India’s export of readymade garments grew significantly in terms of value in January as shipments stuck due to the Red Sea crisis were able to reach their destinations by taking the longer route around the Cape of Good Hope in Africa.
According to data by the Commerce Ministry, exports of ready-to-wear textile products rose 11 per cent to US $ 11.57 billion in January from US $ 10.13 billion in December 2023, although volume data for these shipments was not available on the Ministry’s NIRYAT platform.
The total value of textile exports over the first ten months of the current fiscal year, which runs from April 2023 to January 2024, was US $ 27.69 billion, a decrease from US $ 29.41 billion during the same period in 2022–2023.
European countries, primarily Denmark, Germany, the Netherlands, Italy, and Poland, were the primary purchasers of Indian readymade garments (RMG). These nations saw a 19 per cent month-over-month increase, culminating in US $ 4.30 billion in January.

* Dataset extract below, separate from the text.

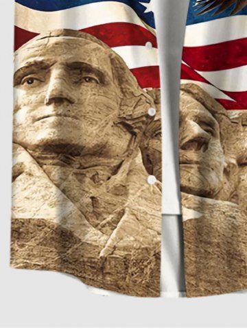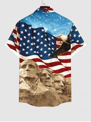 Short Sleeves Shirts > Plus Size Patriotic American Flag Eagle Stone Statue Print Buttons Pocket Shirt For Men
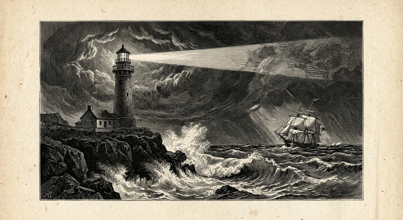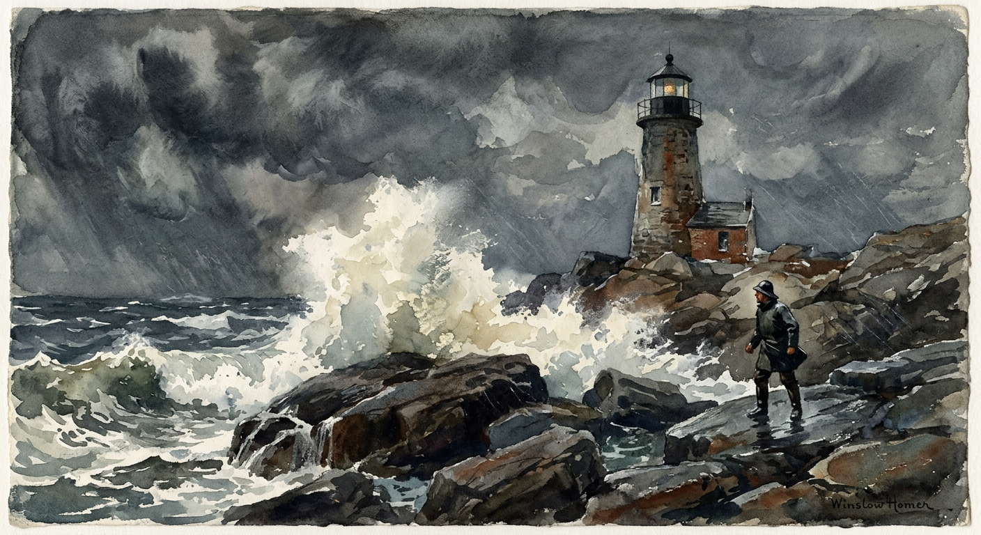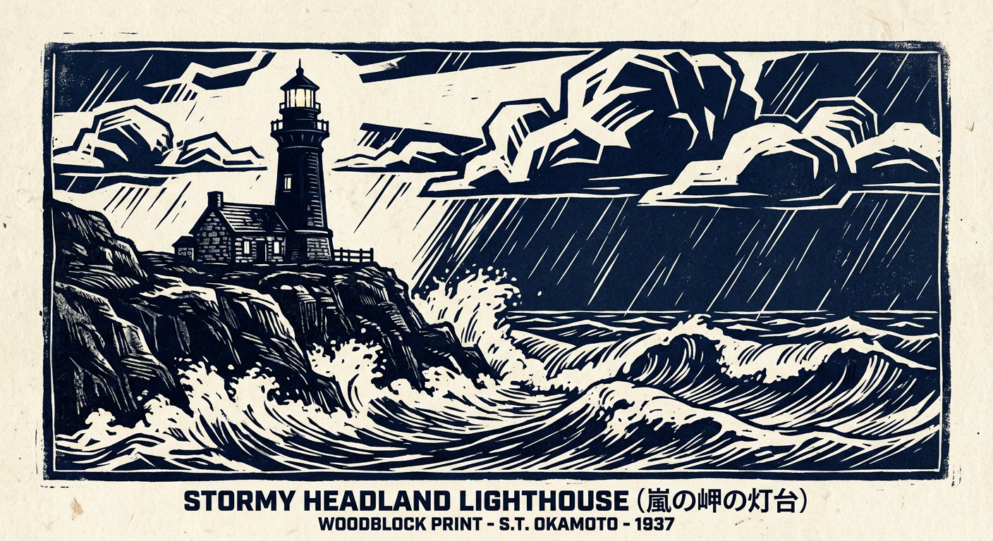 A dozen lighthouses across US and Canadian coasts, across seasons and weather conditions. Nine photographed — the Atlantic in a February nor'easter, the Pacific at golden hour, Lake Superior frozen in January. Three rendered in older styles: a Winslow Homer–inspired watercolor, a 19th-century steel-plate engraving, a Hokusai-style woodblock print.

“Red Sea crisis will make things a little more expensive, and it is impacting everybody. India cannot be seen separately. It will also impact exports of Bangladesh, China, and others. Overall, global trade has become more expensive because of the Red Sea crisis,” said Rahul Mehta, president, Clothing Manufacturers Association of India (CMAI).
Rerouting from Africa has resulted in increased shipping costs for Indian goods. The commerce ministry said in a report last month that about 95 per cent of vessels had diverted around the Cape of Good Hope, adding 4,000–6,000 nautical miles and 14–20 days to itineraries.
India’s textile and apparel market is predicted to reach US $ 387.3 billion by 2028, rising at a compound annual growth rate (CAGR) of 14.59 per cent from US $ 172.3 billion in 2022, according to the Indian Brand Equity Foundation (IBEF), an organisation founded by the ministry of commerce and industry.